I ordered this book online from Sound Vision Canada in October 2013. The concept, illustrative style and bilingual nature (English/Arabic) seemed to make it the perfect gift for my three-year-old neighbour.

Allah Loves Me

Hadeel Al Abasi

Texas: Noorart Inc., 2010


22 pp


Overall Rating: 5/5

Allah Loves Me is the perfect story to share with a young child or a group of young children to help them reflect on their creator and their actions in this world. While it doesn’t have a traditional storyline with a beginning, middle or end, this book documents a young boy discovering the different occasions that bring about Allah’s love for him. In the story, the young boy discovers that Allah loves him when he is kind, reading, thankful, helping, brave, strong and giving. The way the story has been organized is repetitive, consistent and very thoughtful, making it ideal for young minds. Moreover, the story invites discussion around what children can do in their own lives to win the love of Allah and extract examples of what they are already doing that demonstrates the aforementioned qualities.

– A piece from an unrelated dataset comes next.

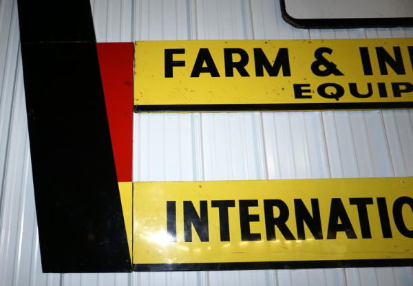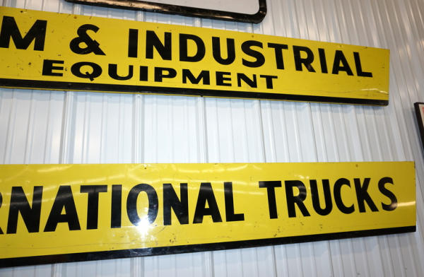 Large piece, all has been used, but great color and gloss, each yellow panel is about 9' long, so all displayed it is about 12'xmaybe 6' tall; has some scattered spots, dings, scratches and dents, but overall is a strong 8 condition; hard to find this sign complete with accent pieces; no shipping, local pickup in Avoca, IA only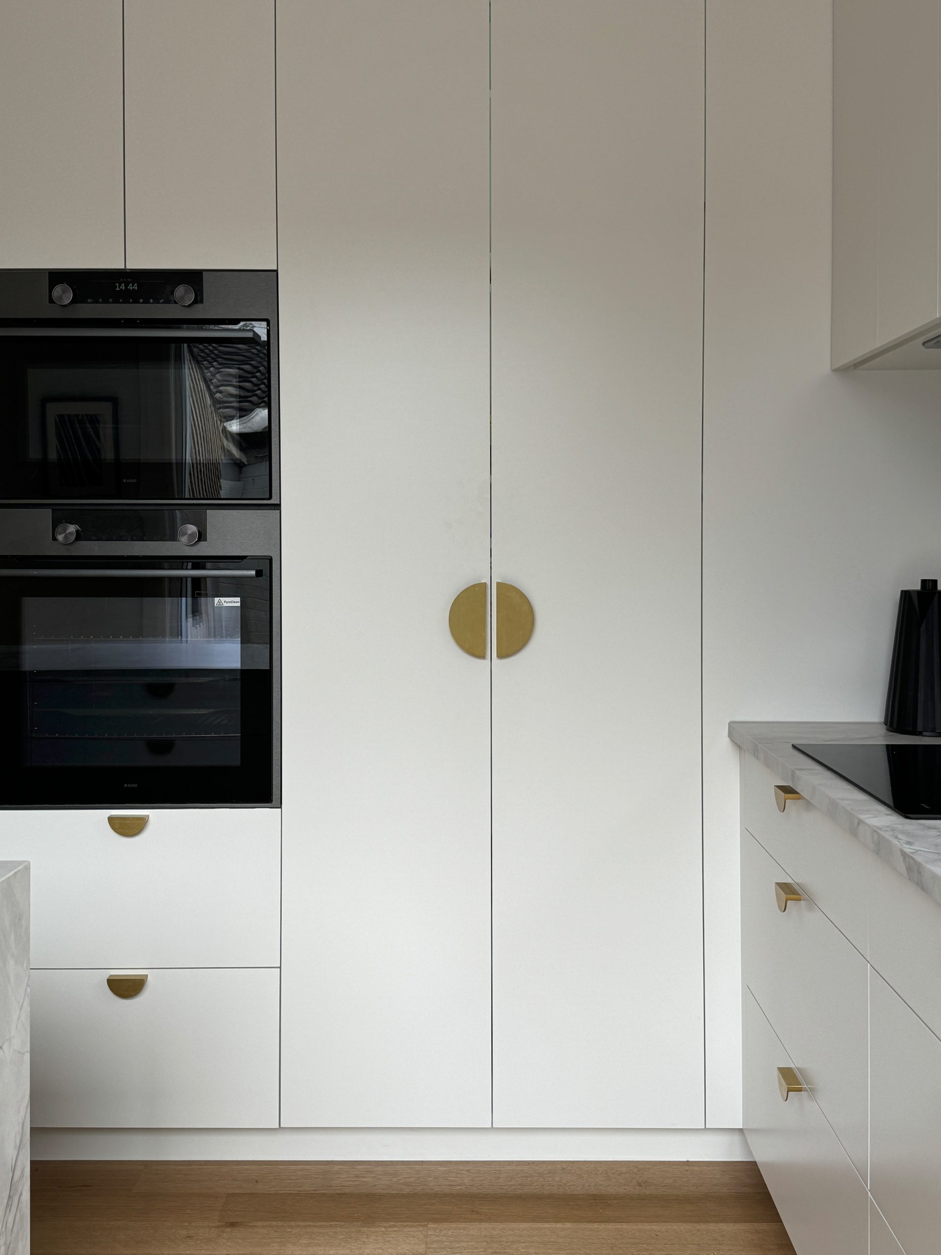 | Hardware: | Hettich Actra soft-close Blum clip top soft-close hinges LO+Co Luna Pull -Brass finish. |

The language in the story is very simple and repetitive, as mentioned. Each page has only seven words (in English), six of which repeat each time. All sentences are constructed in the following way: “Allah loves me when I am _______” and are completed with one of the previously mentioned adjectives. The Arabic is equally simple with only three words on each page, two of which repeat, making it an easy read for those of us who are non-native Arabic speakers.

The illustrations in this story are vivid and a wonderful example of how good illustrations can really accentuate an already good concept/story. The illustrator, Flua Nather, uses a mixed media approach with what appears to be crayons, watercolours, paint and markers/pens. The result is an attractive use of colour, texture, and page composition, specifically white space. The glossy-paged paperback is professionally bounded, helping to package it as a wonderful addition to a young child’s library. The ONLY aspect of this book (from cover to cover) that I wasn’t a huge fan of was the font choice—I thought another style and perhaps a slightly smaller size would have been more appropriate.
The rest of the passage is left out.